Christopher Columbus monument close to Las Ramblas in Barcelona, Spain.
With over a dozen states and the District of Columbia celebrating the alternative to Columbus’ Day, Indigenous Peoples’ Day is a perfect example of reclaiming history and centering the lives of those who are often rendered invisible.
And losing millions of lives, having your land dispossessed, your children kidnapped and placed in boarding schools designed to kill Indian language and culture — this is enough to render you invisible to the mainstream white society. After all, sports team mascots mocking Native people are still a thing, with the Washington Football Team changing its racially offensive name just last year after corporate sponsor FedEx demanded the change. Society behaves as if Indigenous people no longer exist, or as if they couldn’t care less.
Indigenous Peoples’ Day is a concept that should resonate with Black people. Black people are among Indigenous people in the Americas and around the world, and this is a long history.
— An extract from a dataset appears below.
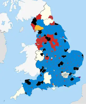 ![]() The results in England. White areas indicate elections were not held here in 2015. | |||||||||||||||||||||||||||||||||||||||||||||||||||||||||||||||||
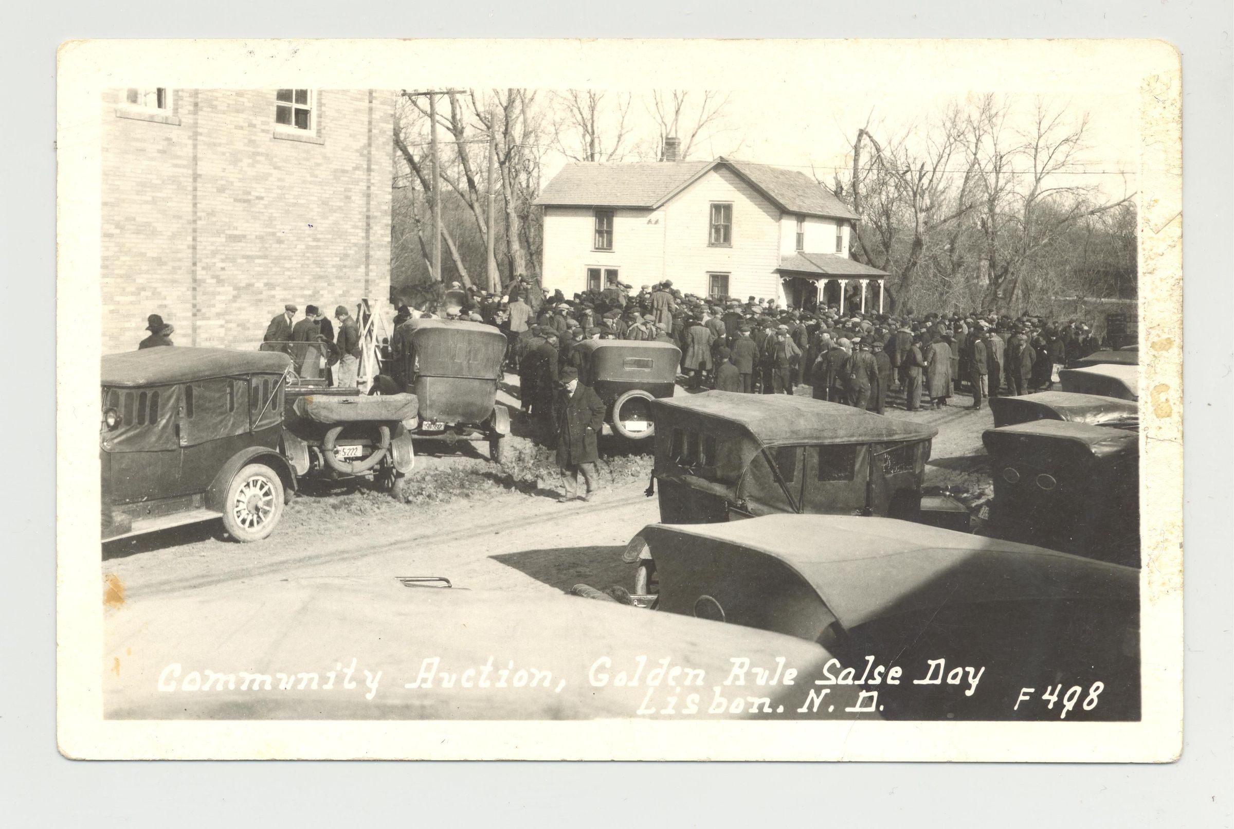PSTCD, "COMMUNITY AUCTION, GOLDEN RULE SALSE DAY, LISBON, N.D." LARGE CROWD AND LOTS OF EARLY VEHICLES.Created By

As the late Rutgers University scholar Ivan Van Sertima taught us, the African presence in the “New World” predates Columbus by centuries.
Honoring the culture and history of Indigenous people means honoring the ancestors. “One thing that makes Native Americans different from Whites is that most of us view our ancestors as close as our families today,” tweeted Native American lawyer Brett Chapman, whose relative Standing Bear was the first Native American to win civil rights in the U.S. “I see all the injustice done to my ancestors like Standing Bear and know that was something my family suffered. It’s more visceral for Natives.”
Lummi carver and activists Phreddie Lane speaks during a welcome ceremony for the Red Road Totem pole on the National Mall on July 29, 2021 in Washington, DC. (Photo by Jemal Countess/Getty Images for Native Organizers Alliance)
Chapman recalled what his great-great-great grandfather Chief White Eagle told an Alabama church of racist Southerners in 1883: “He said they were selfish, he wasn’t Christian and Native Americans don’t believe in Hell because Hell is in fact living in America with the Whites.”
But Indigenous People’s Day is more than just remembering history. Our very survival as a planet depends on following what the ancestors did as stewards of the land who protected the Earth for thousands upon thousands of years, until the white man depleted the land, the resources and people — all for profit.
Indigenous communities hold over half of the world’s land, with 5% of the world’s population protecting 80% of the world’s biodiversity. The communities have legal rights over only a small fraction of that land and are under threat. Community and Indigenous lands have lower deforestation rates and store a quarter of the world’s carbon stock, making these lands crucial to fighting climate change. And the knowledge that Indigenous people have gained over the centuries is helping us understand weather changes.
This is why we must welcome Indigenous Peoples’ Day. If we want to know where we are going, we must understand and honor the people who came before us, and on whose land we live.